伽马卡兹m2硬调21尺参数表摘要：一、伽马卡兹m2 硬调21 尺参数表简介1.伽马卡兹m2 硬调21 尺的背景与概述2.产品定位与适用场景二、伽马卡兹m2 硬调21 尺的主要参数1.长度参数2.硬度参数3.调整参数4.其他重要参数三、伽马卡兹m2 硬调21 尺的优势与特点1.高精度调整2.稳定性能3.用户友好设计4.耐用性四、伽马卡兹m2 硬调21 尺在行业中的应用1.工业生产领域2.科学研究领域3.医疗领域正文：【伽马卡兹m2 硬调21 尺参数表简介】伽马卡兹m2 硬调21 尺是一款具有高精度、稳定性能和耐用性的测量工具。

它适用于各种工业生产、科学研究和医疗领域等需要精确测量的场景。

【伽马卡兹m2 硬调21 尺的主要参数】1.长度参数：伽马卡兹m2 硬调21 尺的长度为21 尺，即21 英尺，约等于6.4 米。

这样的长度范围可以满足大部分测量需求。

2.硬度参数：伽马卡兹m2 硬调21 尺采用了高硬度的材料，使得产品具有较长的使用寿命和抗磨损性能。

3.调整参数：伽马卡兹m2 硬调21 尺具有可调节的功能，用户可以根据实际需求对工具进行精确调整，提高测量精度。

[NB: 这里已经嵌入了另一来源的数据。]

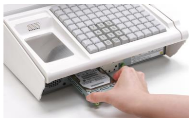
Front-accessible SSD for convenient maintenance

4.其他重要参数：伽马卡兹m2 硬调21 尺还具备其他一些重要参数，如测量范围、分辨率、最大承载重量等，这些参数可以根据用户需求进行选择。

【伽马卡兹m2 硬调21 尺的优势与特点】1.高精度调整：伽马卡兹m2 硬调21 尺具有出色的调整性能，能够实现精确到毫米级别的测量。

2.稳定性能：产品在测量过程中表现出稳定的性能，有效降低因工具自身晃动导致的测量误差。

3.用户友好设计：伽马卡兹m2 硬调21 尺采用人性化设计，操作简单，易于上手。

4.耐用性：伽马卡兹m2 硬调21 尺采用高品质材料制造，具有良好的耐用性和抗磨损性能。

【伽马卡兹m2 硬调21 尺在行业中的应用】1.工业生产领域：伽马卡兹m2 硬调21 尺广泛应用于各类工业生产领域，如汽车制造、飞机制造、船舶制造等，帮助企业提高生产效率和产品质量。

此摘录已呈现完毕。